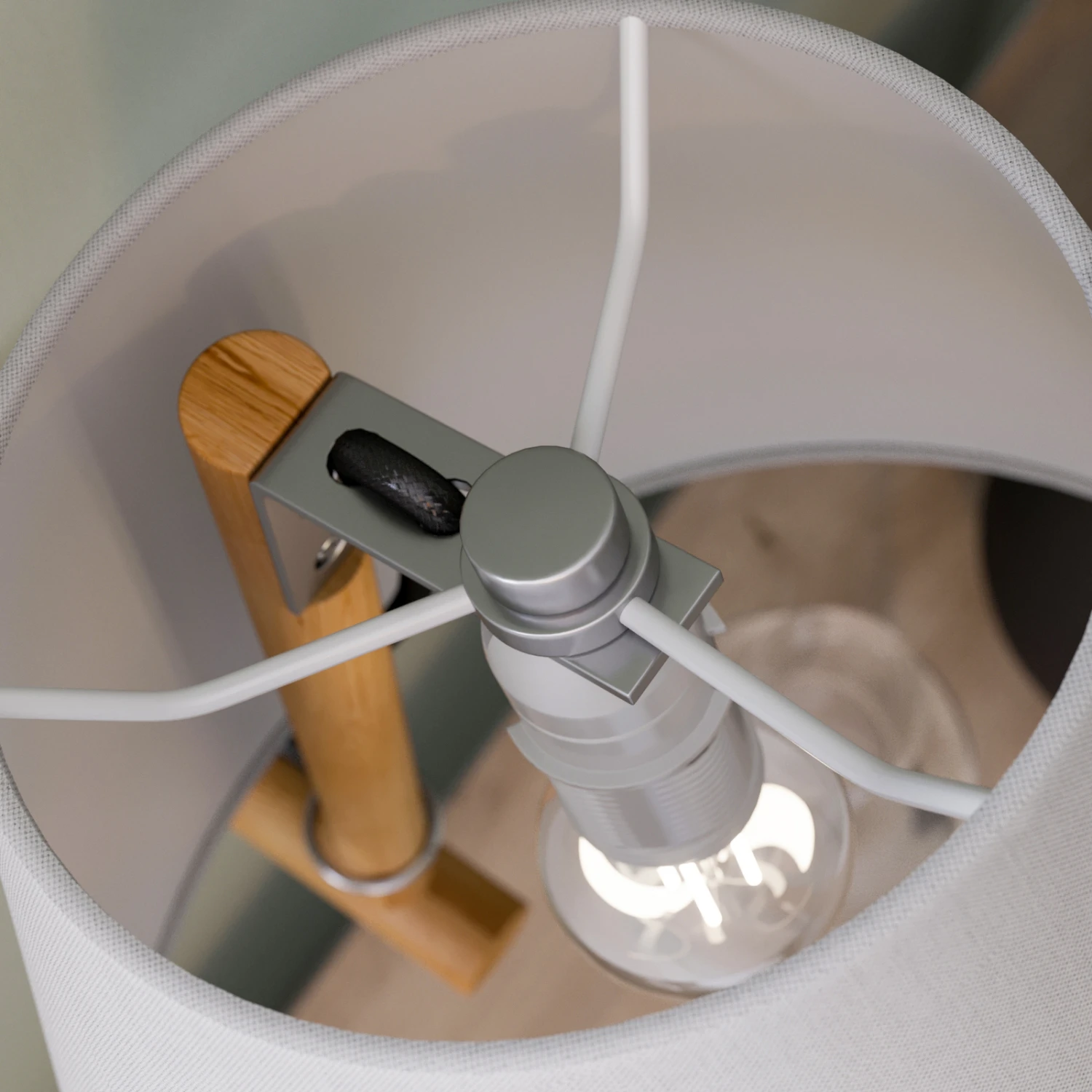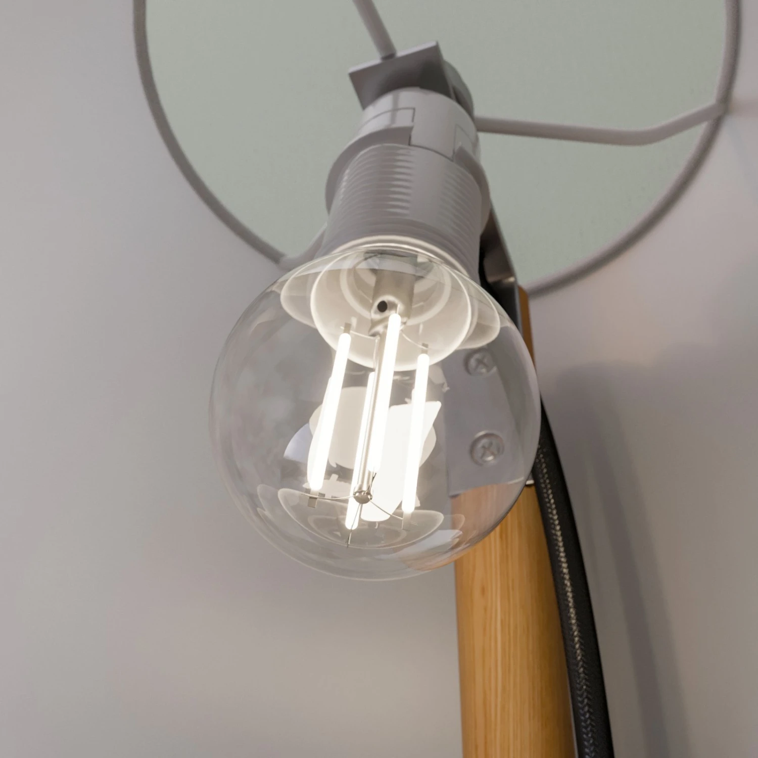 Das Lichtbild ist zweifelsohne sehr behaglich und kommt im Wohnbereich ebenso gut an wie in einem Schlafzimmer, wo die Leuchte von klassischer Schönheit ist und einen Rückzugsort zum Entspannen erschafft. Ein gemütliches Ambiente ist dabei stets garantiert und das FSC-Siegel kennzeichnet nachhaltige Holzwirtschaft. Für die E27-Fassung stehen viele Lampen zur Auswahl, idealerweise sollten sie energiesparende LED-Technik besitzen und sie können ruhig eine extrawarme Lichtfarbe haben oder mit Stepdim-Technik ausgestattet sein, die eine stufenweise Regulierung der Helligkeit über den Schalter ermöglicht.
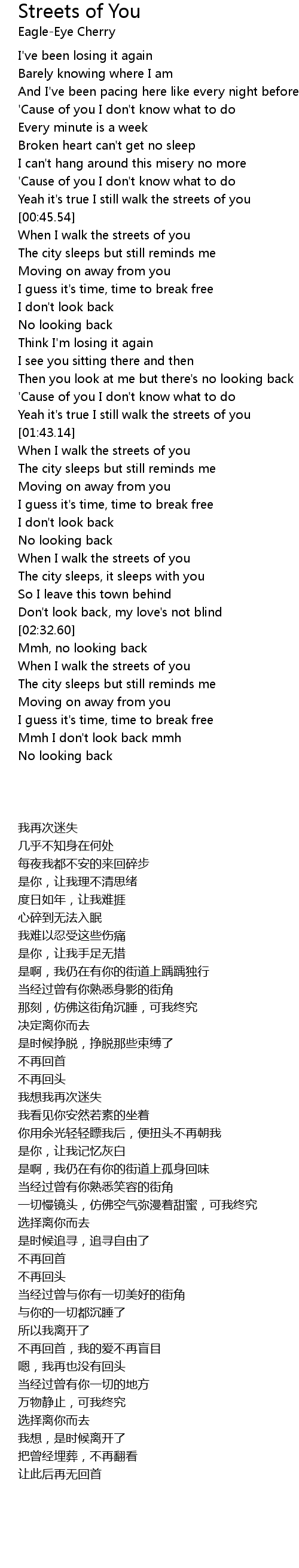 Yeah it's true I still walk the streets of you |
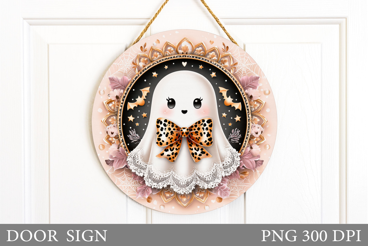 Cute Ghost Door Sign Sublimation. Halloween Door Sign Design
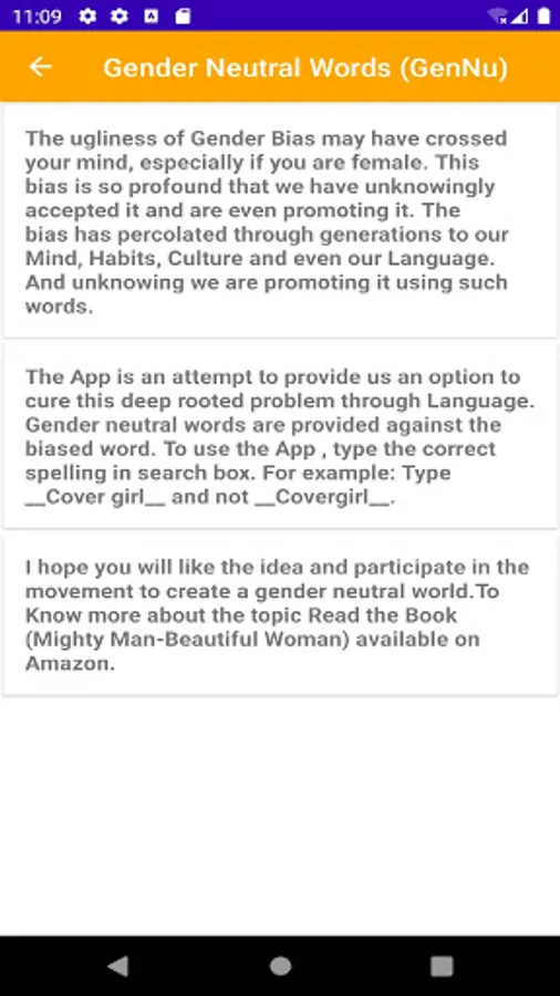 Gender Bias is one of the monstrous human-made things. You might have confronted the ugliness of Gender Bias, especially if you are female. This bias is so profound that we have unknowingly accepted it and are promoting it. The bias has deeply percolated in our customs, behaviour and our day-to-day actions. It also has affected our language, and it is the language through which this evil is transferring from one generation to another. The App is an attempt to cure the problem by replacing the gender bias words with Gender Neutral Words. I hope you will like the idea and participate in the movement to create a gender-neutral world.
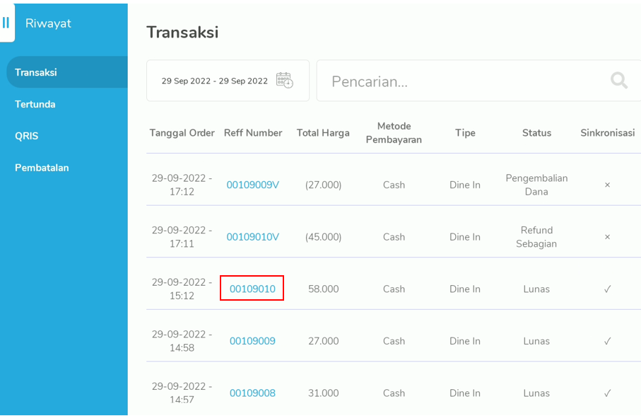 Pada halaman Pemesanan > Grab Connect, akan tampil Tanggal Waktu, Grab Id, Status, dan Total. Klik pada Grab Id, untuk melihat rincian pesanan.
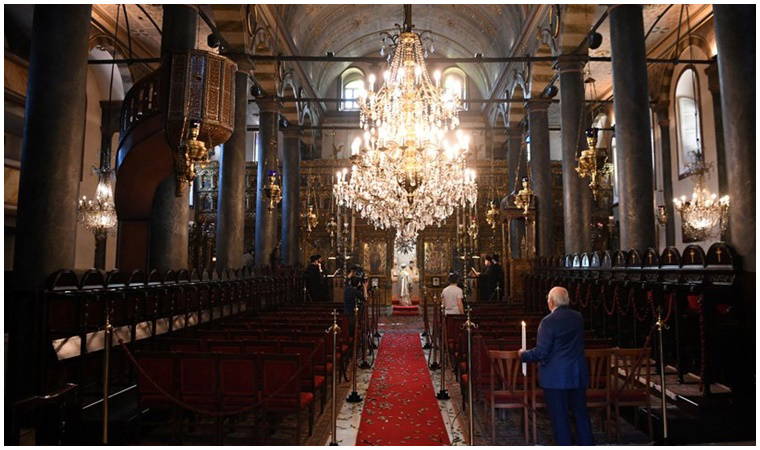 Reuters, Rum Ortodokslarının İstanbul'daki St. George Kilisesi'ndeki boş törenini uluslararası kamuoyuna aktardı.
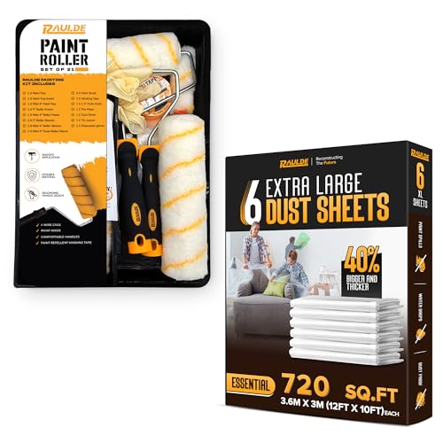 21 Pcs Paint Roller Set with 6X Large Dust Sheets for Decorating – Complete Painting Kit with Rollers, Brushes, Trays, Masking Tape & Plastic Sheets for Walls, Ceilings & Furniture Protection
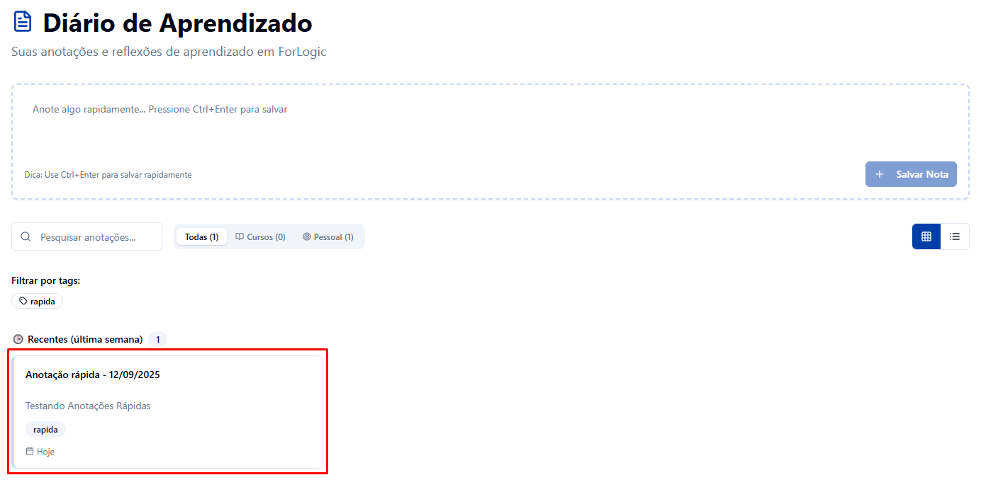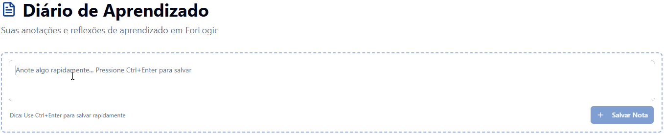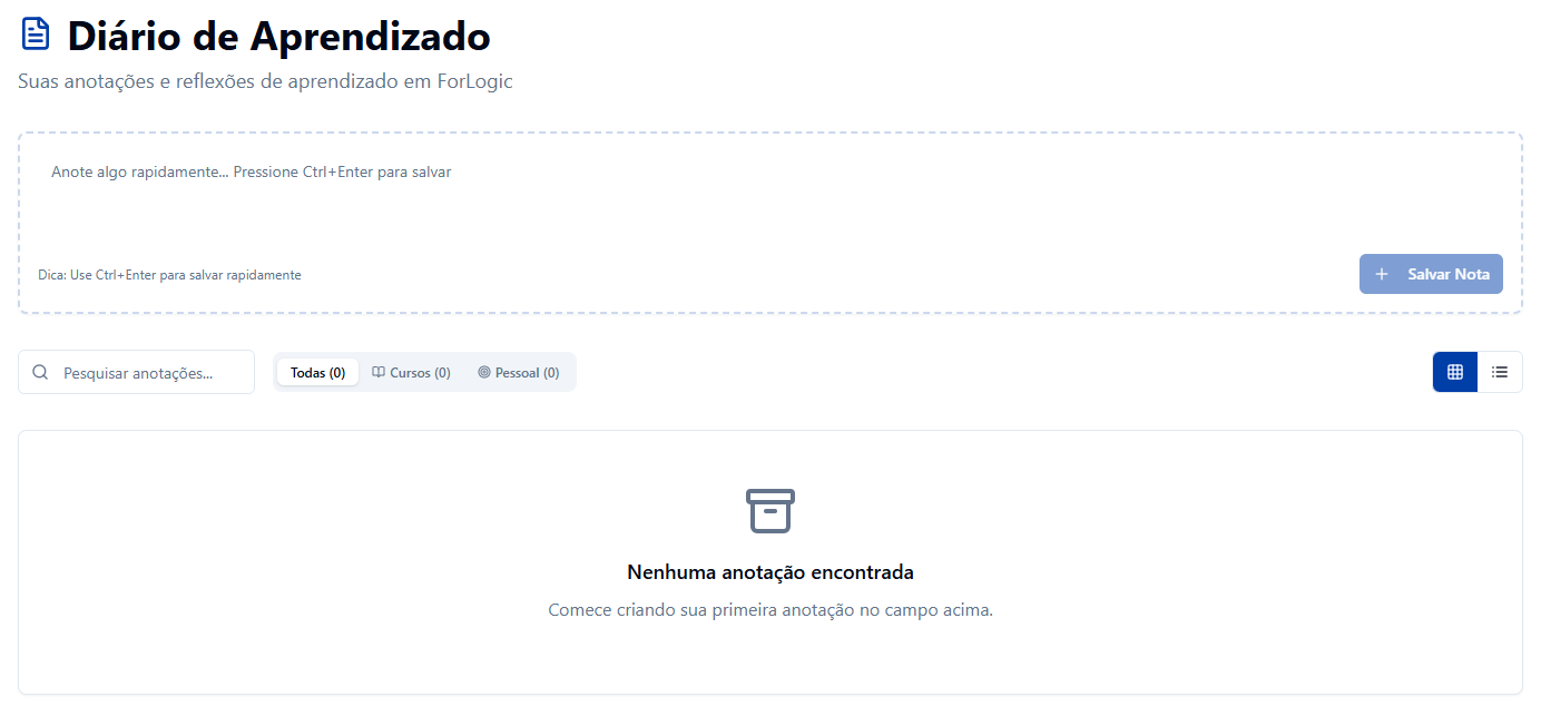 O Diário de Aprendizado é seu repositório pessoal de anotações, reflexões e insights criados durante cursos e trilhas. Funciona como um caderno digital onde todas as suas anotações ficam centralizadas e organizadas para consulta posterior.

+++++

» **TASK GOAL**: Repeat each entry above word for word, leaving every picture out.

» **TASK RESULT**:
 Das Lichtbild ist zweifelsohne sehr behaglich und kommt im Wohnbereich ebenso gut an wie in einem Schlafzimmer, wo die Leuchte von klassischer Schönheit ist und einen Rückzugsort zum Entspannen erschafft. Ein gemütliches Ambiente ist dabei stets garantiert und das FSC-Siegel kennzeichnet nachhaltige Holzwirtschaft. Für die E27-Fassung stehen viele Lampen zur Auswahl, idealerweise sollten sie energiesparende LED-Technik besitzen und sie können ruhig eine extrawarme Lichtfarbe haben oder mit Stepdim-Technik ausgestattet sein, die eine stufenweise Regulierung der Helligkeit über den Schalter ermöglicht.
 Yeah it's true I still walk the streets of you |
 Cute Ghost Door Sign Sublimation. Halloween Door Sign Design
 Gender Bias is one of the monstrous human-made things. You might have confronted the ugliness of Gender Bias, especially if you are female. This bias is so profound that we have unknowingly accepted it and are promoting it. The bias has deeply percolated in our customs, behaviour and our day-to-day actions. It also has affected our language, and it is the language through which this evil is transferring from one generation to another. The App is an attempt to cure the problem by replacing the gender bias words with Gender Neutral Words. I hope you will like the idea and participate in the movement to create a gender-neutral world.
 Pada halaman Pemesanan > Grab Connect, akan tampil Tanggal Waktu, Grab Id, Status, dan Total. Klik pada Grab Id, untuk melihat rincian pesanan.
 Reuters, Rum Ortodokslarının İstanbul'daki St. George Kilisesi'ndeki boş törenini uluslararası kamuoyuna aktardı.
 21 Pcs Paint Roller Set with 6X Large Dust Sheets for Decorating – Complete Painting Kit with Rollers, Brushes, Trays, Masking Tape & Plastic Sheets for Walls, Ceilings & Furniture Protection
 O Diário de Aprendizado é seu repositório pessoal de anotações, reflexões e insights criados durante cursos e trilhas. Funciona como um caderno digital onde todas as suas anotações ficam centralizadas e organizadas para consulta posterior.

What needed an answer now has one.